◆ Your assignment
Only an exact copy is wanted: the lines from the one holding "Jaqueta feminina produzida" through the last line below, minus the pictures.

◆ Given data
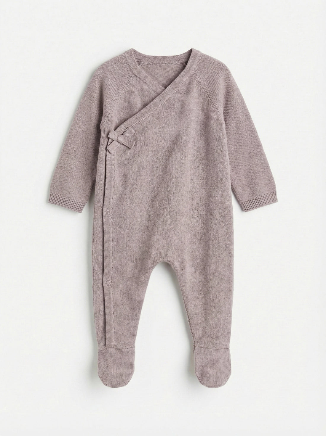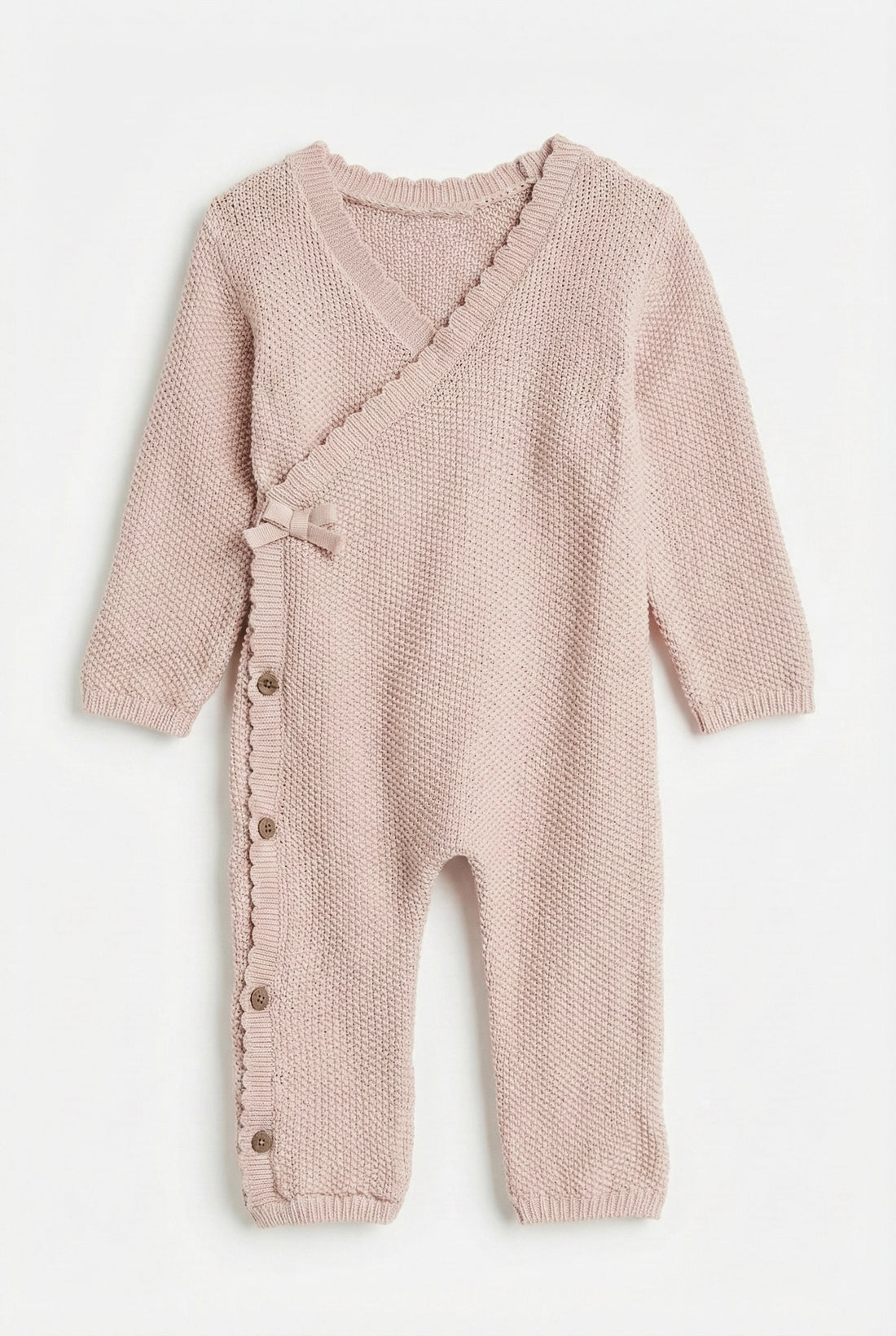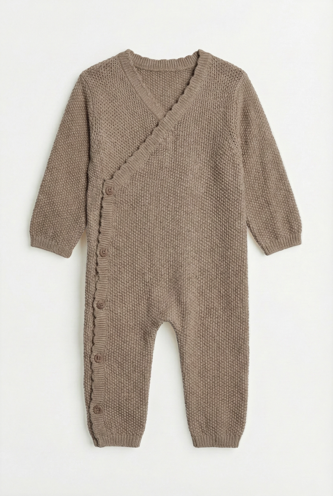 Knit Cotton Hooded Romper Suit | Soft Beige
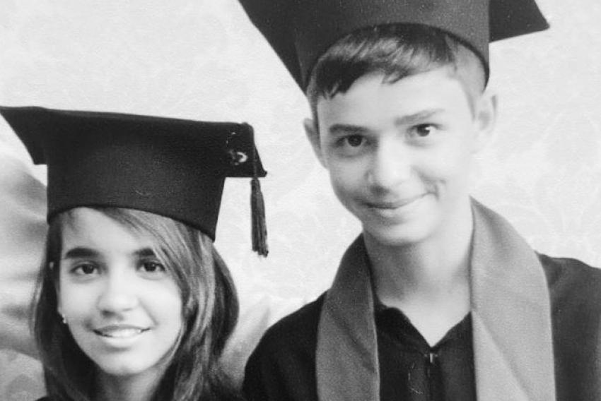 Isabella da Silva Alves e Leonardo do Prado Moreno, melhores amigos em registro de formatura
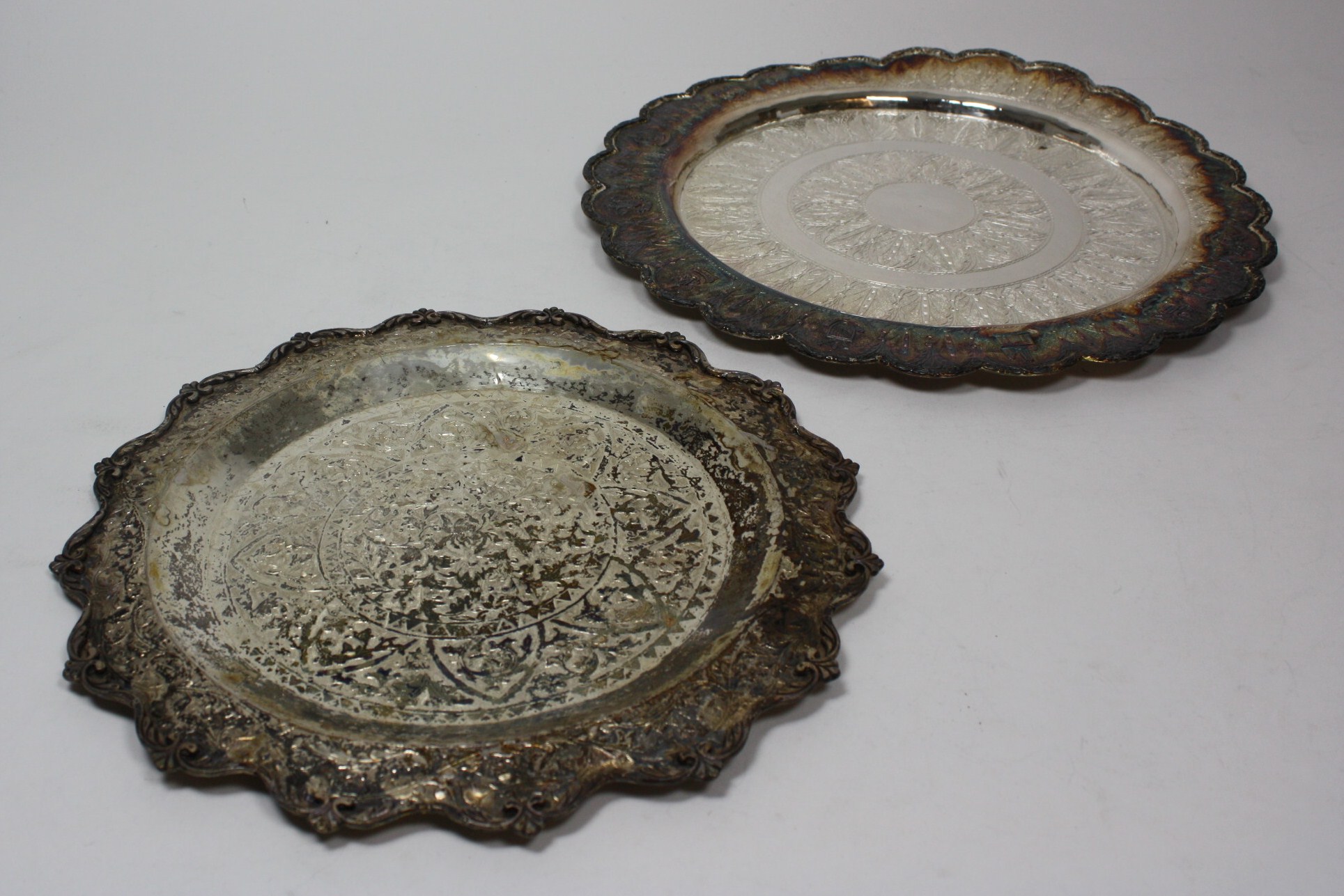 each of scalloped circular form with profusely decorated borders and flats, with floral and arched motifs (2)
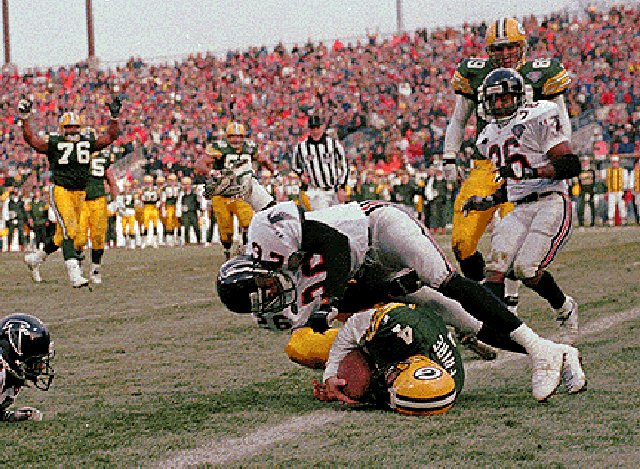 BRETT FAVRE scored the last touch down at County Stadium.
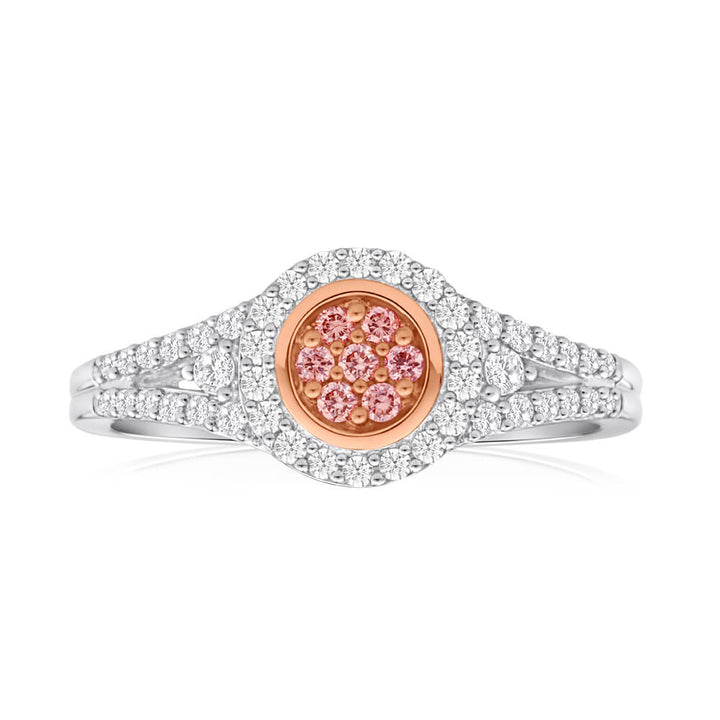 Pink Diamond 18ct White Gold Diamond Cluster Ring
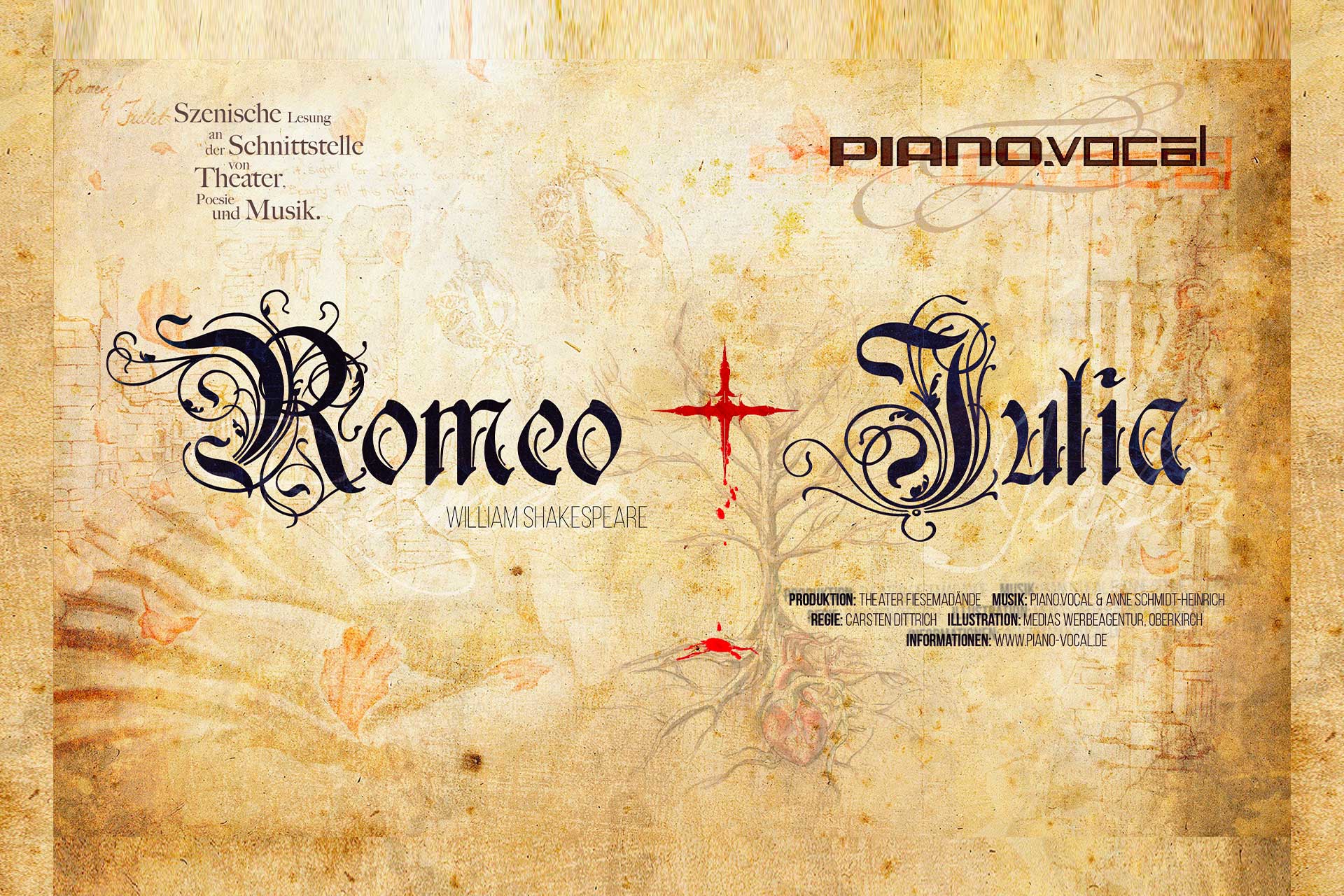 Mit einfühlsamen Popballaden, romantischen Cello Klängen und natürlich Literatur gehen die Künstler dem Mythos der berühmtesten Liebesgeschichte der Welt auf den Grund. Hierbei zeigen sie, dass Shakespeares Werk bis zum unvermeidlichen, tragischen Ende ein durchaus heiterer, lebenslustiger Reigen ist. Bei dieser szenischen Lesung an der Schnittstelle von Musik, Literatur und Poesie kommen auch Klappmaulpuppen sowie Schattenfiguren zum Einsatz. Carsten Dittrich sorgt für einen hohen Schauspielfaktor während Anne Schmidt-Heinrich am Cello sowie piano.vocal sein Spiel in der Spanne zwischen Klassik und Pop wunderbar ergänzen. Lassen Sie sich mitreißen von einem Mix aus Pop, Klassik, Poesie, Schau- und Figurenspiel.
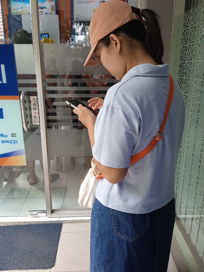 A person is depicted from behind, standing outdoors near a glass-fronted entrance in Sarimulyo, Indonesia
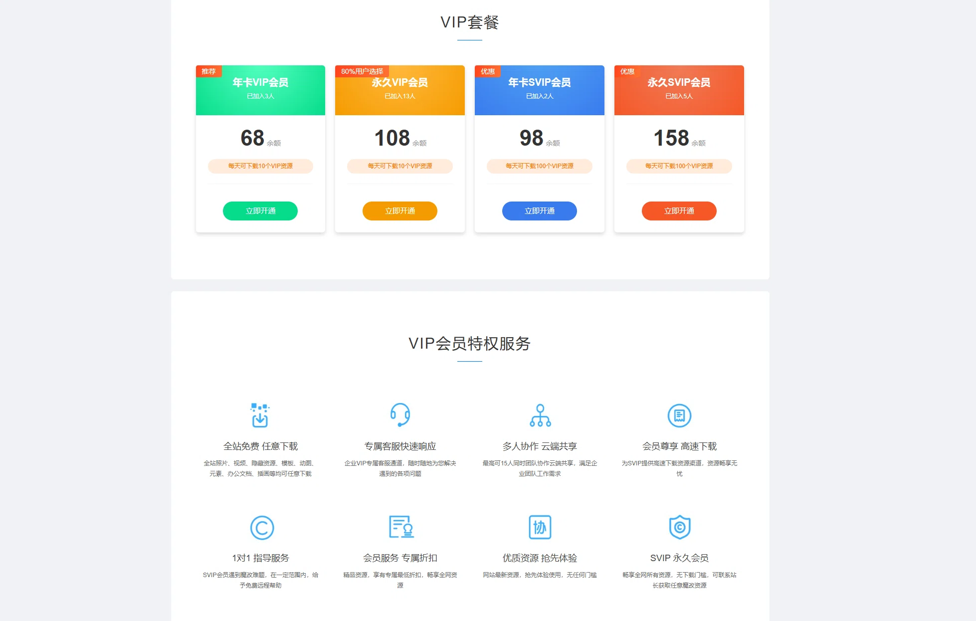这是一款子比主题的VIP权益页面,这个页面是直接调用的子比主题的会员弹窗
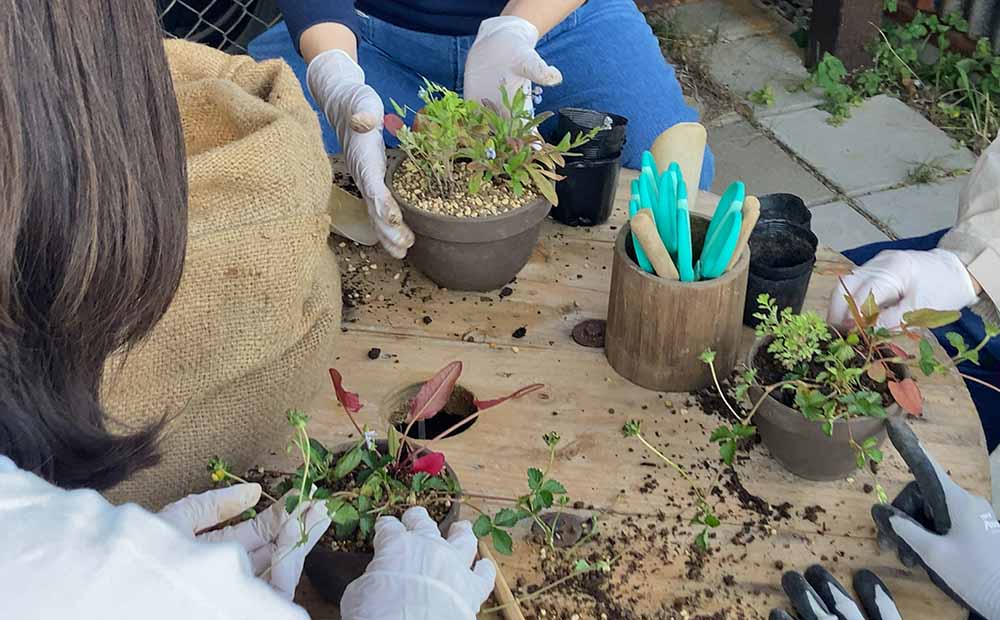 散策で見つけたお気に入りの野草で寄せ植えを体験していただけます。
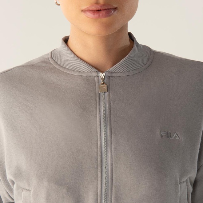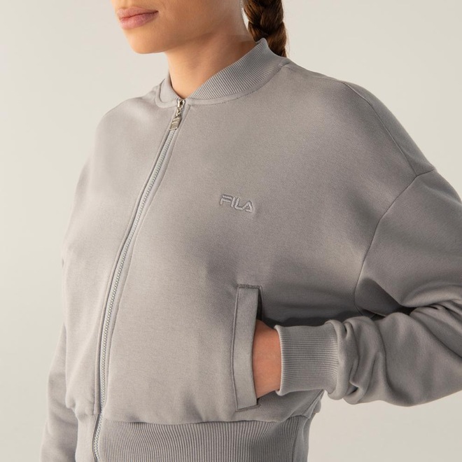 Jaqueta feminina produzida com tecido ecológico em malha de moletom. Na modelagem comfort, traz gola, punhos e barra de ribana. As cavas deslocadas proporcionam maior liberdade de movimento, e os bolsos com vivo, fechamento em zíper e puxador F-Box dão um toque de praticidade. O bordado FILA Letter no peito adiciona um detalhe clássico e autêntico.
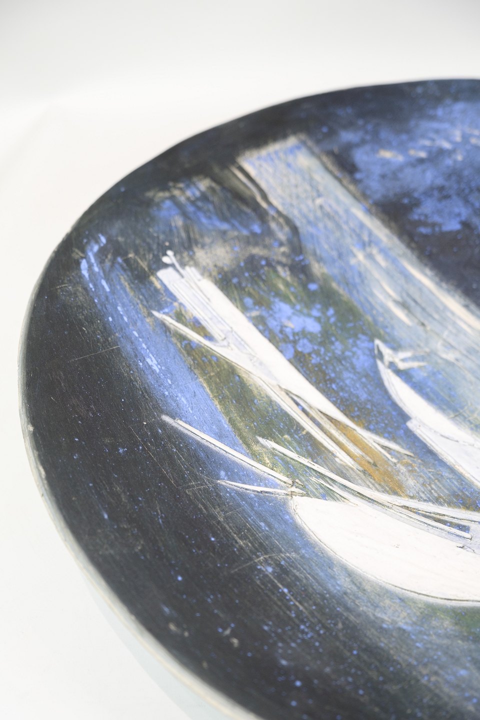Unika Keramik Fad - Motiv Af Både Som Sejler Under En Måneoplyst Himmel - Jeppe Hagedorn-Olsen (1929–2011)
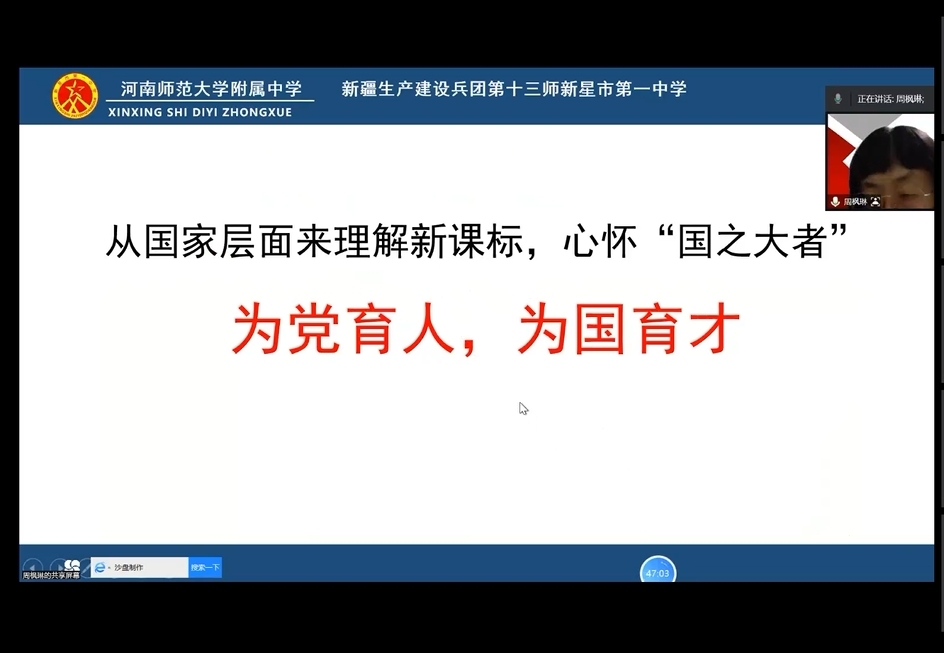 周枫琳老师首先通过自己到新疆生产建设兵团第十三师新星市第一中学支教的经历向各位老师阐释了新课标改革的重要性和现实意义,进而提出了自己认为的新课标的核心就是“育人”,并进一步提出了教师要“为党育人,为国育才”。
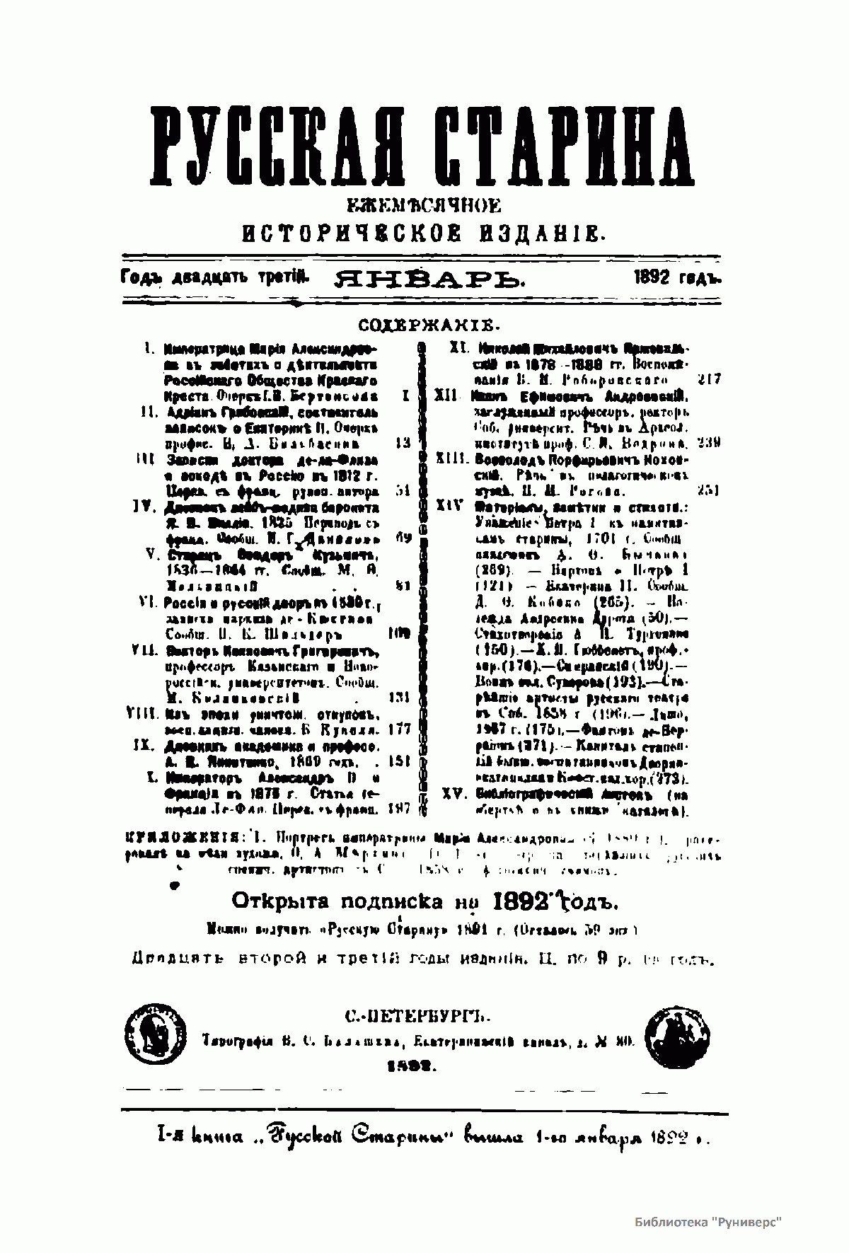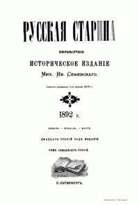 Русская cтарина. Том LXXIII. 1892. Выпуски 1-3

◆ Result for this exercise
 Jaqueta feminina produzida com tecido ecológico em malha de moletom. Na modelagem comfort, traz gola, punhos e barra de ribana. As cavas deslocadas proporcionam maior liberdade de movimento, e os bolsos com vivo, fechamento em zíper e puxador F-Box dão um toque de praticidade. O bordado FILA Letter no peito adiciona um detalhe clássico e autêntico.
Unika Keramik Fad - Motiv Af Både Som Sejler Under En Måneoplyst Himmel - Jeppe Hagedorn-Olsen (1929–2011)
 周枫琳老师首先通过自己到新疆生产建设兵团第十三师新星市第一中学支教的经历向各位老师阐释了新课标改革的重要性和现实意义,进而提出了自己认为的新课标的核心就是“育人”,并进一步提出了教师要“为党育人,为国育才”。
 Русская cтарина. Том LXXIII. 1892. Выпуски 1-3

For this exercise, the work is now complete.